§ Problem statement
Beginning with the first line, please repeat the entries exactly and end on the line that contains "If you haven’t".

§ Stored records
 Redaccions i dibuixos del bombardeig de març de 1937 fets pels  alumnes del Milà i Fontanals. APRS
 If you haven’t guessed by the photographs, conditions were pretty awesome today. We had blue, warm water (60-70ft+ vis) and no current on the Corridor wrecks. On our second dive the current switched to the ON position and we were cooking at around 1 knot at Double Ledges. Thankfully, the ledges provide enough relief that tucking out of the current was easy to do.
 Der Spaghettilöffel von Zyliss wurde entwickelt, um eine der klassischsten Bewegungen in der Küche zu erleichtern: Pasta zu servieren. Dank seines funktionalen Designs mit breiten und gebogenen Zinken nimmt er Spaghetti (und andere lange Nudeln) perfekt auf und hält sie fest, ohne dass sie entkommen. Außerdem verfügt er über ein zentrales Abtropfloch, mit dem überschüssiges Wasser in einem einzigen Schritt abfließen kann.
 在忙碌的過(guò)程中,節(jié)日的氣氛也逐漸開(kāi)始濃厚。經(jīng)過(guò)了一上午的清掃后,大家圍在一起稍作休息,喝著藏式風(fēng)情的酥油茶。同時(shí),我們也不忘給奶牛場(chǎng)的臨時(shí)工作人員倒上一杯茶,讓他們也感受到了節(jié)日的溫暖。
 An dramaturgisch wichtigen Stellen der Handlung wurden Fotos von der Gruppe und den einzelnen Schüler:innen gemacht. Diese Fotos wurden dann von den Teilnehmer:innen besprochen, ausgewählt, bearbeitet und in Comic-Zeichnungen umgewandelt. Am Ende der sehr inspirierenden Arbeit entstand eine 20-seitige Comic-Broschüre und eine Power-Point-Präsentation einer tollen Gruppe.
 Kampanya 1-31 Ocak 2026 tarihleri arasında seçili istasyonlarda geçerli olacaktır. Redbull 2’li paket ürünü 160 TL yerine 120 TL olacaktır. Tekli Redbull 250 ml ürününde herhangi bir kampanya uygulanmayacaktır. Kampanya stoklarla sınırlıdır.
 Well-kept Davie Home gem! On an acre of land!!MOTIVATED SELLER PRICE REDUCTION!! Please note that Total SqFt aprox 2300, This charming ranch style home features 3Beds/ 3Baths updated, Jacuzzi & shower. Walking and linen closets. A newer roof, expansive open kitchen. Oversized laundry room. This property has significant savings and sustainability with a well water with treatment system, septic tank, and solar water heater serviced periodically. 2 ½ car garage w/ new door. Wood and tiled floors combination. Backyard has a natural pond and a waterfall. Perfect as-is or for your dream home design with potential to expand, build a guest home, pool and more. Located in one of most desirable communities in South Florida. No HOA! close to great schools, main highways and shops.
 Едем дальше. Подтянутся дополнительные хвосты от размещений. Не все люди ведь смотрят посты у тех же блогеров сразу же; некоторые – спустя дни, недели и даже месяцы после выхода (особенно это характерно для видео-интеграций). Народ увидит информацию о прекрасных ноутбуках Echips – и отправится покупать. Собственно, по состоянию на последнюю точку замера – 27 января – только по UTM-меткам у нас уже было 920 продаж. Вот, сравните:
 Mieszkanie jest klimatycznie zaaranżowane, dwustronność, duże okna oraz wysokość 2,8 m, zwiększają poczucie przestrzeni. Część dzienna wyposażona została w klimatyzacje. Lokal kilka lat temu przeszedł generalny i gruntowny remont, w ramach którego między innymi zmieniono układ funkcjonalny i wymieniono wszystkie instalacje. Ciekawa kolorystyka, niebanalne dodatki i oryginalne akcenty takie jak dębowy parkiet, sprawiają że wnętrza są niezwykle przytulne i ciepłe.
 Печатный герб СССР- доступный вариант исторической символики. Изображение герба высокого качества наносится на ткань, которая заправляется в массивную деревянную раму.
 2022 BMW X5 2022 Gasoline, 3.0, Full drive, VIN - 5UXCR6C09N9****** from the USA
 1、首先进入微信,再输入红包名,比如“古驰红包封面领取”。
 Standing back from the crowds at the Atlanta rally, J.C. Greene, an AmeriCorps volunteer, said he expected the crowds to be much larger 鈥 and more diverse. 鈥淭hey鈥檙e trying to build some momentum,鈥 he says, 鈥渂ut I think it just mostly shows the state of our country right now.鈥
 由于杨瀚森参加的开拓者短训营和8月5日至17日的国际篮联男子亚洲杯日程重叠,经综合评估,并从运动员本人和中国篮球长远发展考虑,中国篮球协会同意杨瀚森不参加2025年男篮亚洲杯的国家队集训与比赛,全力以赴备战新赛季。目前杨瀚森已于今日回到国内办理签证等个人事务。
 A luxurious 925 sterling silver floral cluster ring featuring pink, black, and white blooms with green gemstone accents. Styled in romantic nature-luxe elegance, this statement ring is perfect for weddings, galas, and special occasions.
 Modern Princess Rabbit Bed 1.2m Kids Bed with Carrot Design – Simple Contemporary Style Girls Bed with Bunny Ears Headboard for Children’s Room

§ Result for this exercise
 Redaccions i dibuixos del bombardeig de març de 1937 fets pels  alumnes del Milà i Fontanals. APRS
 If you haven’t guessed by the photographs, conditions were pretty awesome today. We had blue, warm water (60-70ft+ vis) and no current on the Corridor wrecks. On our second dive the current switched to the ON position and we were cooking at around 1 knot at Double Ledges. Thankfully, the ledges provide enough relief that tucking out of the current was easy to do.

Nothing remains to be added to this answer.